- Theatrical release poster
- Directed by: Sergei Loznitsa
- Produced by: Sergei Loznitsa Maria Baker
- Cinematography: Sergei Loznitsa Serhiy Stetsenko Mykhailo Yelchev
- Edited by: Sergei Loznitsa Danielius Kokanauskis
- Production companies: Atoms & Void
- Distributed by: United States: The Cinema Guild France: ARP Sélection
- Release dates: 21 May 2014 (Cannes); 12 December 2014 (USA);
- Running time: 130 minutes
- Countries: Ukraine Netherlands
- Language: Ukrainian

= Maidan (2014 film) =

Documentary film by Sergei Loznitsa

Maidan (Майдан) is a 2014 documentary film, directed by Sergei Loznitsa. It focuses on the Euromaidan movement of 2013 and 2014 in Maidan Nezalezhnosti (Independence Square) in Ukraine's capital Kyiv. It was filmed during the protests and depicts different aspects of the revolution, from the peaceful rallies to bloody clashes between police and civilians.

The film premiered on May 21, 2014 at the 2014 Cannes Film Festival. It had a theatrical release in the United States on December 12, 2014.

==Synopsis==
The film explores and follows the protests and violence in Kyiv's Maidan Nezalezhnosti (Independence Square) which lead to the overthrow of President Viktor Yanukovych.

==Releases==
After its premiere at Cannes, the film had a theatrical release in France on May 23, 2014. The film was released in Ukraine on July 24, 2014. It had a limited release in US on December 12, 2014 before expanding world wide on February 20, 2015, which coincided with the date of the revolution in Ukraine. As of April 2018, the movie had not yet been shown in Russia.

==Reception==
The film has received positive reception from critics. Review aggregator Rotten Tomatoes reports that 100% of 24 film critics have given the film a positive review, with a rating average of 7.91 out of 10. On Metacritic, which assigns a weighted mean rating out of 100 reviews from film critics, the film holds an average score of 86, based on 9 reviews, indicating a 'Universal acclaim' response.

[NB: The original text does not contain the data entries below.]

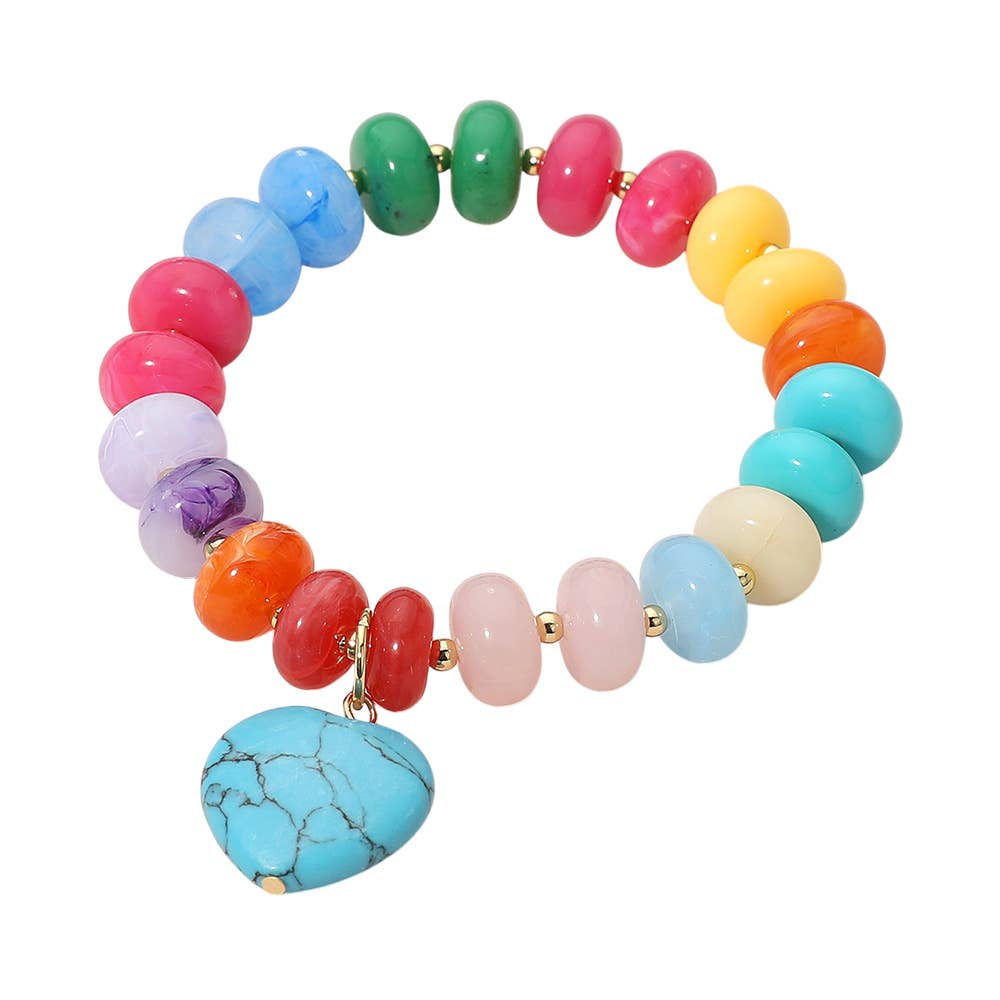 Add fun and charm to your style with this vibrant beaded bracelet, featuring a bold heart charm for a playful finish. Perfect for casual wear or gifting, this eye-catching accessory brings personality and color to any outfit, making it a stylish choice for jewelry lovers of all ages.
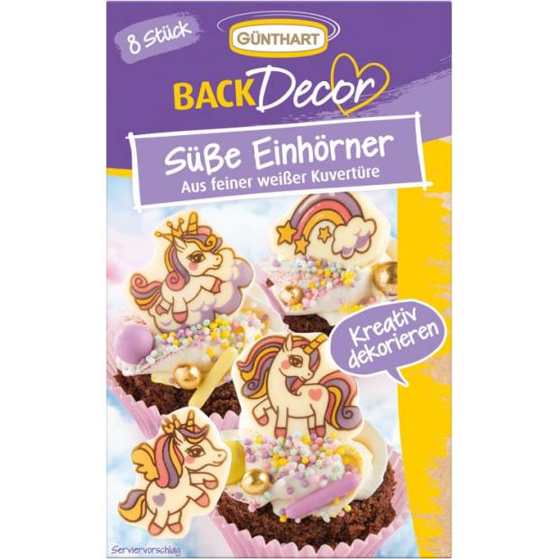 Schokoladen-Dekorationen in Form von beliebten Einhörnern. Sehr einfach dekorieren Sie damit sowohl Kuchen als auch Cupcakes oder sogar Gläser. Bewahren Sie diese Schokoladen-Dekorationen kühl auf, damit sie nicht schmelzen.
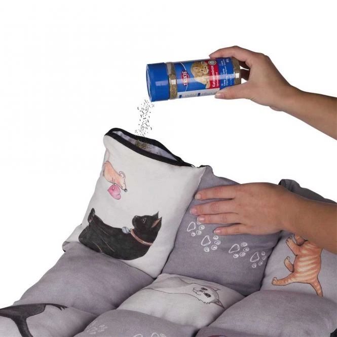 Eine eingenähte Tasche eignet sich toll zum Befüllen mit Catnip oder Baldrian (nicht im Lieferumfang enthalten). Die Decke bietet Ihrer Samtpfote eine warme und weiche Liegefläche auf kalten, harten Böden und ist mit einer rutschfesten Unterseite ausgestattet. Die Decke kann per Handwäsche gereinigt werden.

Leslie Felperin of The Hollywood Reporter gave the film a positive review and said that "[t]his stunning, epic-scaled film harkens back to the heroic, journalistic roots of documentary-making and yet feels ineffably modern and formally daring." In his review for Variety, Jay Weissberg wrote that "In contrast with most documentaries made in the wake of an historic event, "Maidan" will last beyond the current Ukrainian upheaval to stand as compelling witness and a model response to a seminal moment too fresh to be fully processed." Lee Marshal, reviewing the film for Screen International, said that "[e]ven in the midst of the molotovs, Loznitsa's sincere and memorable document retains its fascination with those small details that make us human, and make democracy worth fighting for." Michael Atkinson of The Village Voice called it "Easily the most rigorous, vital, and powerful movie of 2014, Sergei Loznitsa's Maidan may be a perfect Bazinian cinema-machine - reality is captured, crystallized, honored for its organic complexity, and delivered unpoisoned by exposition or emphasis." Andrew Pulver, in a review for The Guardian, stated: "[i]n some ways it's perfect, in its Eisenstein-esque refusal to compromise on the idea of the crowd as the key participant. In other ways, though, its sternness hampers it."

Howard Feinstein of Filmmaker Magazine wrote that "Maidan is gorgeous if stark. It never crosses the line into aestheticizing the revolution, the suffering and brutality that come along with it. Its artfulness stems from obsessive precision. You register Maidan just as you do the well-known paintings of horror from, say, the Spanish Civil War and the French Revolution: Not an interpretation, but an artwork capturing the truth of a historic moment." Daniel Walber of Nonfics, called the film "a portrait of a people, a place and a moment rather than a dissertation on its context or implications. It is raw, unflinching cinema for a troubled nation in a great and terrible moment." Oleg Ivanov of Slant Magazine gave the film three out of four stars, writing that "[i]t puts the viewer inside Maidan, allowing them to draw their own conclusions about the ideas and agendas espoused by the movement's leaders and participants."

==Literature==
- Lilya Kaganovsky Review of Maidan // Slavic Review. — 2015. — Vol. 74, iss. 4. — P. 894–895. — DOI:10.5612/slavicreview.74.4.894.